◆ **DATASET EXCERPTS**
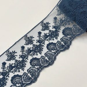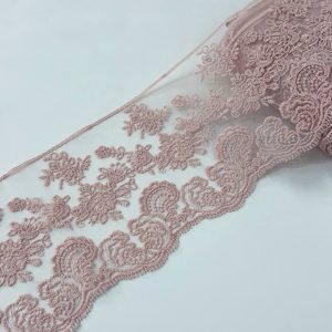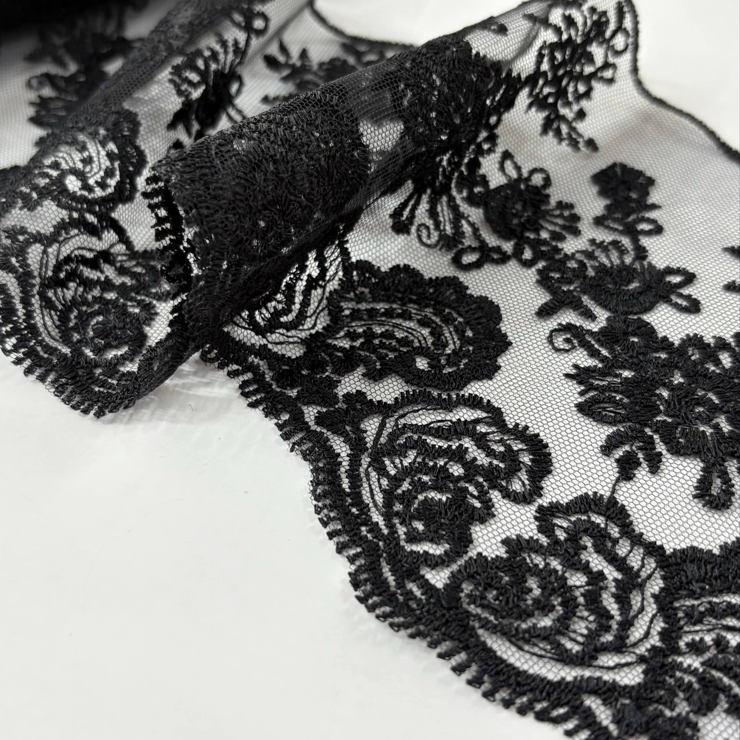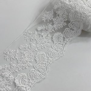 סרט עדין, רחב, דוגמת פרחים רקומים עד טול
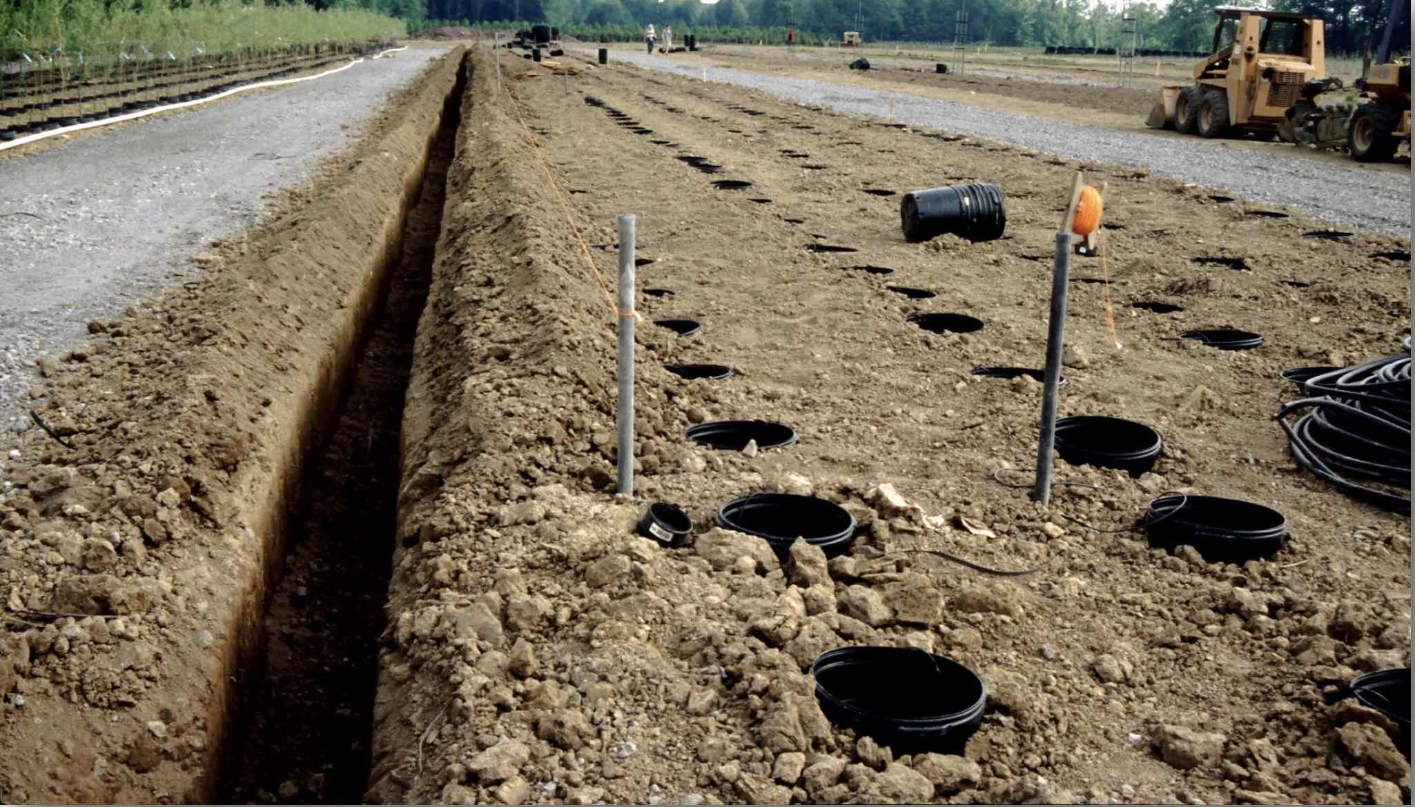 Самым важным фактором является дренаж почвы. Система PNP не рекомендуется на тяжелых, плохо дренируемых почвах. Поле не должно затопляться, даже редко. Если почва не является естественно песчаной или супесчаной, необходимо установить подповерхностную дренажную систему. Обычно это 10-сантиметровые гофрированные дренажные трубы, уложенные под каждым рядом сокет-контейнеров, примерно на 15–25 см ниже их дна.
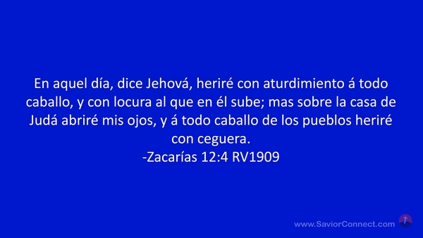 En aquel día, dice Jehová, heriré con aturdimiento á todo caballo, y con locura al que en él sube; mas sobre la casa de Judá abriré mis ojos, y á todo caballo de los pueblos heriré con ceguera. -Zacarías 12:4 RV1909
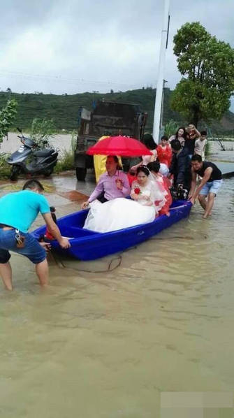 当天,雨水已经漫过人的腰部,新娘从竹梯爬上二楼完成了结婚仪式。
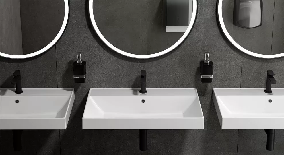 Подвесную раковину в интерьере можно поддержать одним из
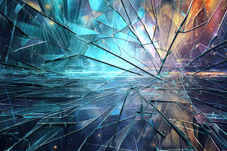This vibrant abstract image features broken glass that captures colorful light reflections, creating a dynamic and artistic visual effect perfect for modern designs.
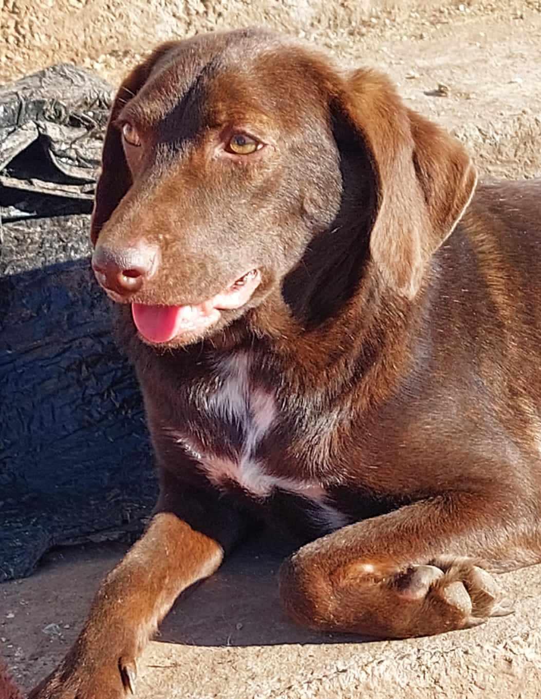 Ze zat vastgebonden aan een deur van het asiel, waar aan de binnenkant honden aan het blaffen waren. Ze was doodsbang. Het duurde uren en uren voor er mensen kwamen, ze bonden haar in de nacht aan de deur. Gelukkig kwam ze vlot bij nadat er mensen waren. Een aai, een knuffel en ze knapte op. Maar om echt zielsgelukkig te zijn heeft ze een echt eigen mens nodig
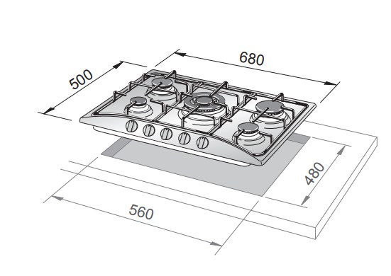 | Dimensione della larghezza del piano cottura | 68 cm |
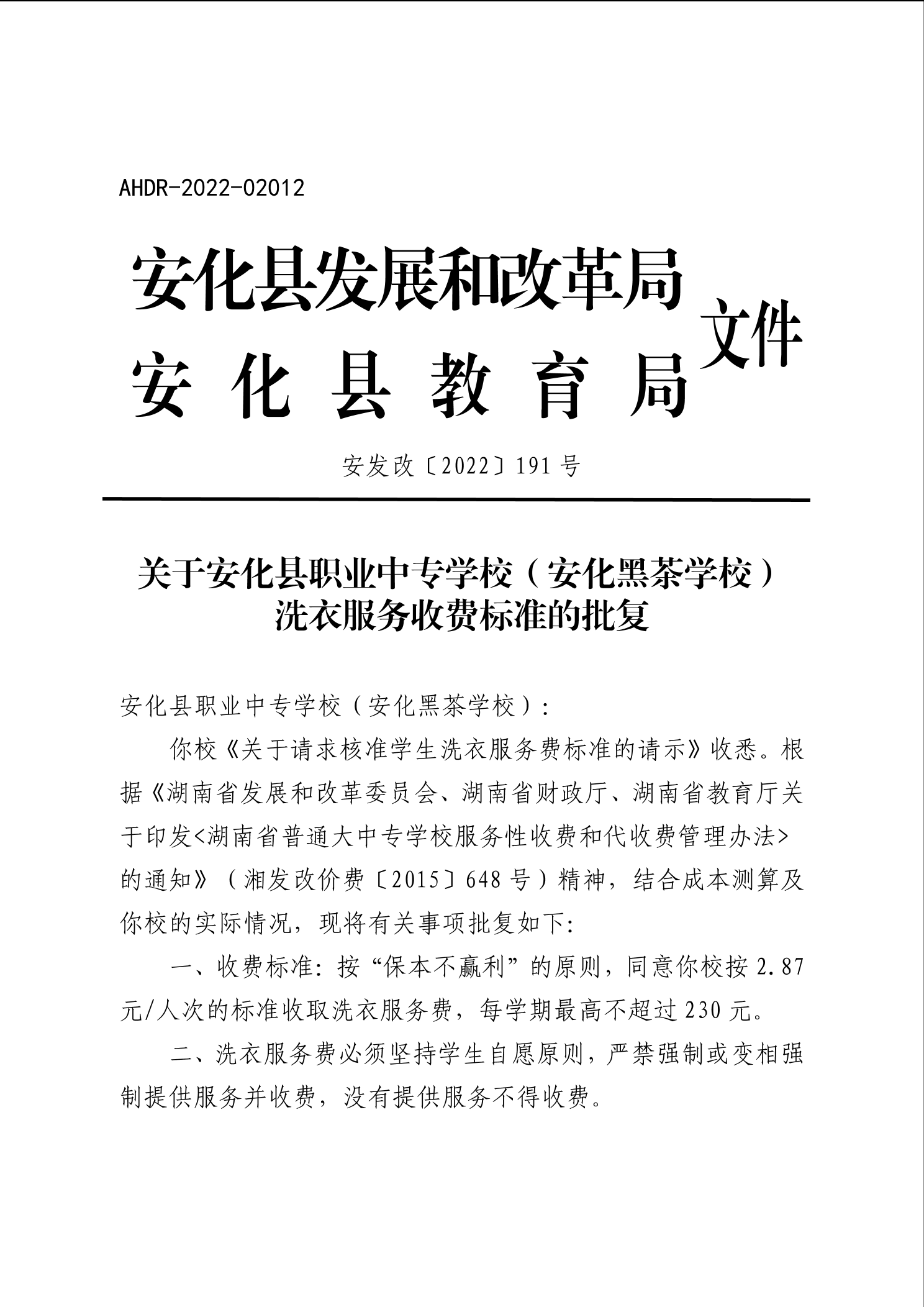关于安化县职业中专学校(安化黑茶学校)洗衣服务收费标准的批复
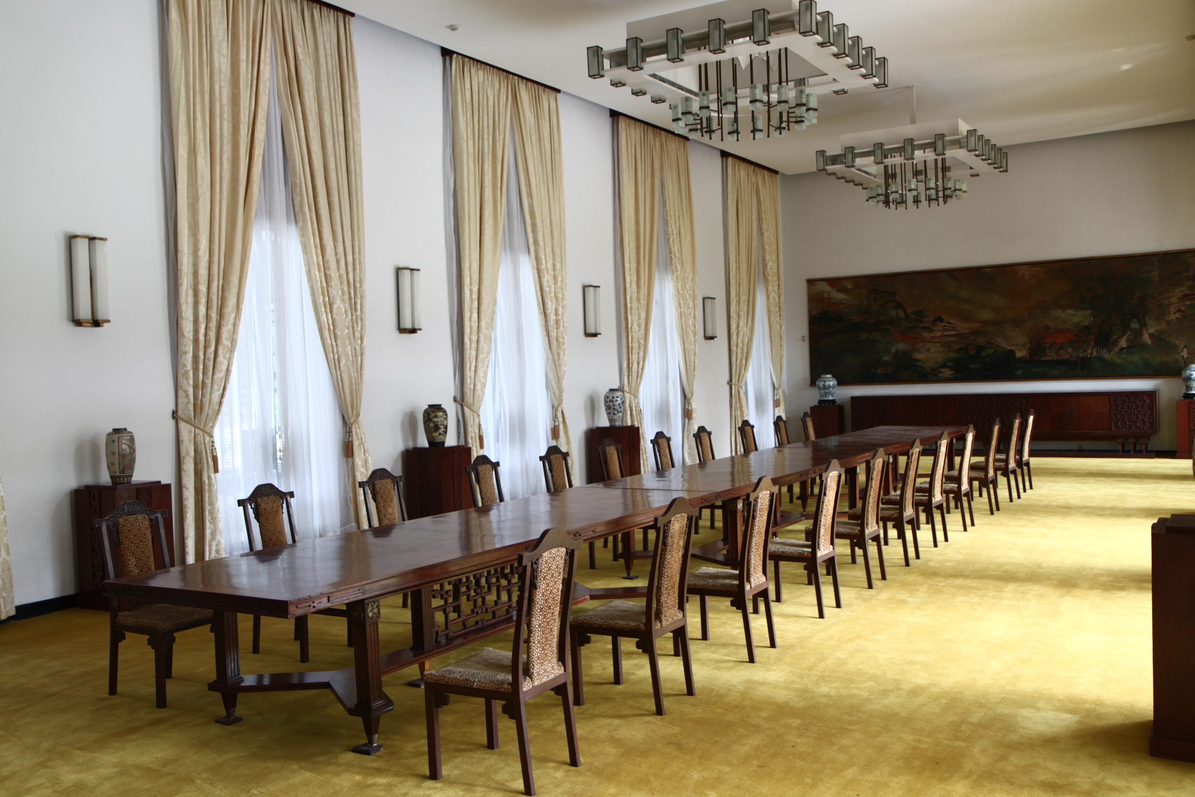 The Reunification Palace is in the center of Ho Chi Minh City and is built on the site of the former Norodom Palace. It is a big landmark in the city, as it was the site of the end of the Vietnam War during the fall of Saigon on April 30th 1975. On this date the North Vietnamese Army tanks crashed through the gates and found the president of the South Vietnamese army ready to surrender. The Palace itself is still used for official purposes but the main rooms have been left completely alone and only the offices are still in circulation.
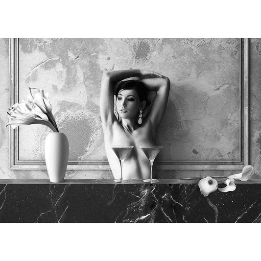 Cocktail for Two (BW) Black Modern Wood Framed Art Print by Lauren, Julian

◆ **DIRECTIONS FOR THIS TASK**
Give back exactly the lines from the one that contains "This vibrant abstract" to the final line of the data above, both included, with all pictures removed.

◆ **ANSWER SPACE**
This vibrant abstract image features broken glass that captures colorful light reflections, creating a dynamic and artistic visual effect perfect for modern designs.
 Ze zat vastgebonden aan een deur van het asiel, waar aan de binnenkant honden aan het blaffen waren. Ze was doodsbang. Het duurde uren en uren voor er mensen kwamen, ze bonden haar in de nacht aan de deur. Gelukkig kwam ze vlot bij nadat er mensen waren. Een aai, een knuffel en ze knapte op. Maar om echt zielsgelukkig te zijn heeft ze een echt eigen mens nodig
 | Dimensione della larghezza del piano cottura | 68 cm |
关于安化县职业中专学校(安化黑茶学校)洗衣服务收费标准的批复
 The Reunification Palace is in the center of Ho Chi Minh City and is built on the site of the former Norodom Palace. It is a big landmark in the city, as it was the site of the end of the Vietnam War during the fall of Saigon on April 30th 1975. On this date the North Vietnamese Army tanks crashed through the gates and found the president of the South Vietnamese army ready to surrender. The Palace itself is still used for official purposes but the main rooms have been left completely alone and only the offices are still in circulation.
 Cocktail for Two (BW) Black Modern Wood Framed Art Print by Lauren, Julian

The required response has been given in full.